Un raid entre autre que je me rappelle très bien. Entre nous et l’ennemi, il y avait une rivière, qu’ils appellent la rivière Han. Alors on a traversé la rivière Han. Moi j’étais mitrailleur à ce moment-là. J’étais dans l’eau jusque-là avec la Bren (fusil-mitrailleur léger britannique Bren) en dehors de l’eau, la mitrailleuse. On a traversé, on était à peu près 10 qui ont traversé. On avait un firm base (un groupe de réserve) qu’on appelait 20 hommes qui étaient restés de ce côté-ci de la rivière et qui guettait les autres pour ne pas qu’on se fasse attaquer, pour traverser. Parce que le temps qu’on traversait la rivière les Chinois qui étaient sur la montagne de l’autre côté. On était très très visible. Ça se faisait dans la nuit, il n’y avait pas de lune, rien. Mais quand même quand tu as 10 hommes dans l’eau.

Quand on a traversé ça, c’est bien passé. Le jour on avait vu le monde travailler. Le lendemain… euh… Dans la nuit lorsqu’on a traversé la rivière, on est allé en arrière de la montagne et là on fait un raid. Là, on a monté la montagne en criant et en tirant. Des grenades, la mitrailleuse, les fusils. On a ouvert le feu comme si on était une trentaine de gars. On était à peu près 10. Alors c’était le plan qui avait été donné. On n’a pas eu de retour de feu. Ce qui nous a surpris énormément. Nous autres on se disait : « Ça va craquer à soir, ça sera pas drôle ». Mais non!

Quand on s’est en venue là on avait peur. On s’est dit : « Là on va se faire prendre ». Il y a surement un guet-apens. Ils n’ont pas tiré. Alors en s’en revenant quand on va venir pour traverser la rivière et à un moment donné on va être cerné.

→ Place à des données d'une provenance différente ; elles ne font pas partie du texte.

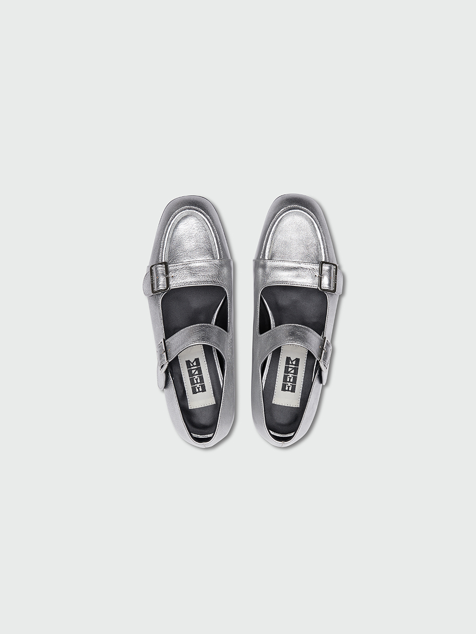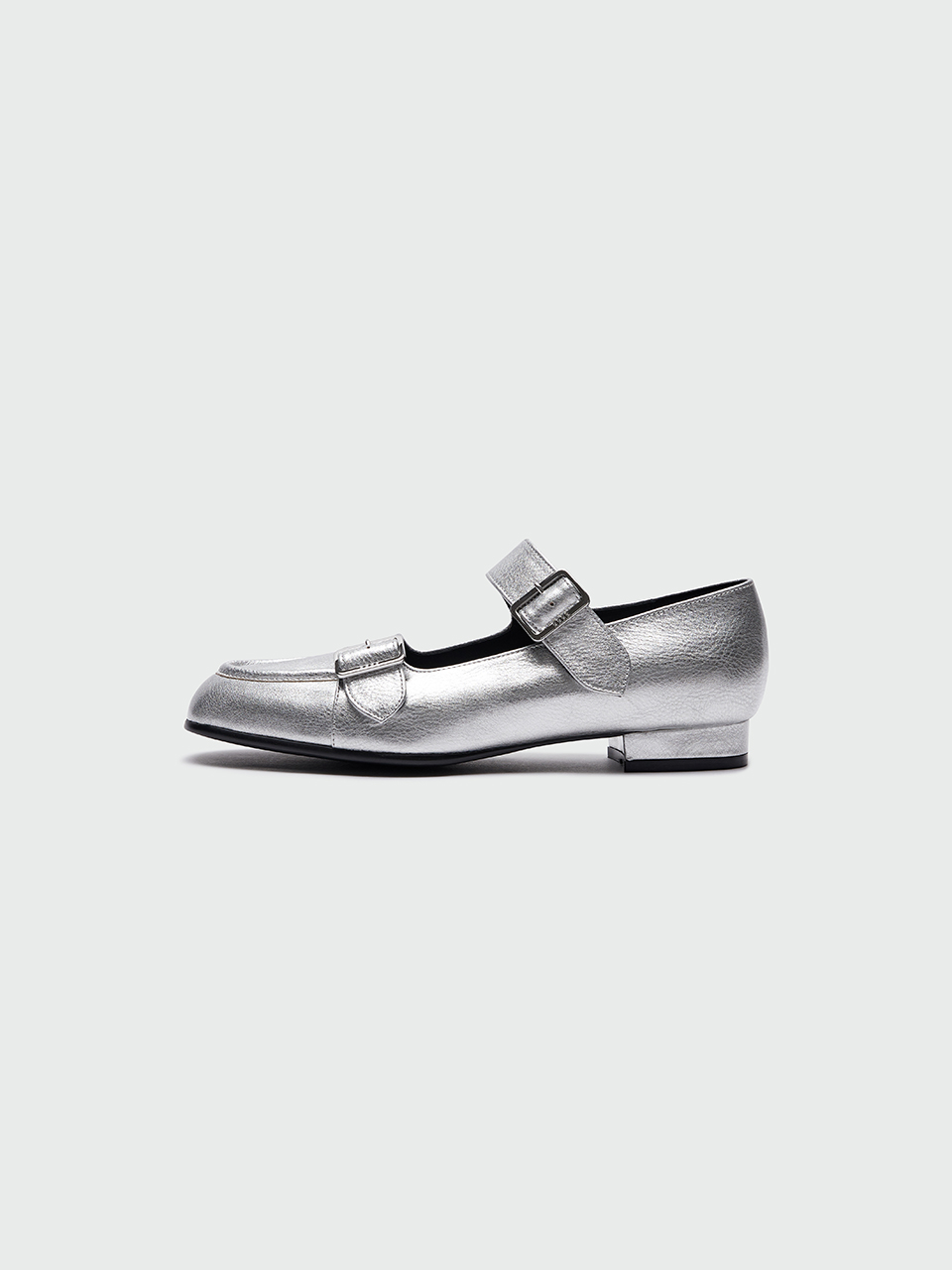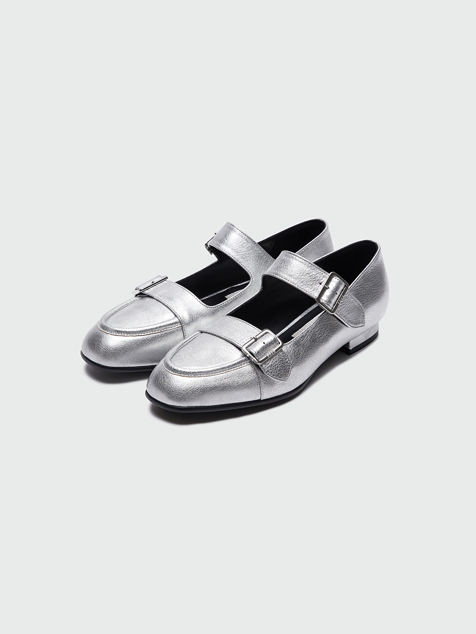 - 소가죽에 실버 컬러를 입힌 플랫 슈즈입니다.

Ou il va y avoir des Chinois qui étaient dans la vallée. L’autre patrouille, ils vont nous attendre l’autre bord. Pas du tout! On a traversé la rivière et notre signaleur malheureusement a tombé dans l’eau avec sa radio. Il a voulu possiblement le levé pour ne pas le mettre à l’eau et puis il a basculé. On a entendu un splash! Tout le monde était, ça fait un drôle de bruit, tout le monde ensemble. C’était assez drôle, mais on a continué. Le groupe qui nous attendait l’autre côté a dit à peu près à la moitié. Le sergent, le sergent Tapin qui était là, à ce moment-là. Il nous a lâché un petit cri : « Ok, les gars tout est clair, venez-vous en ».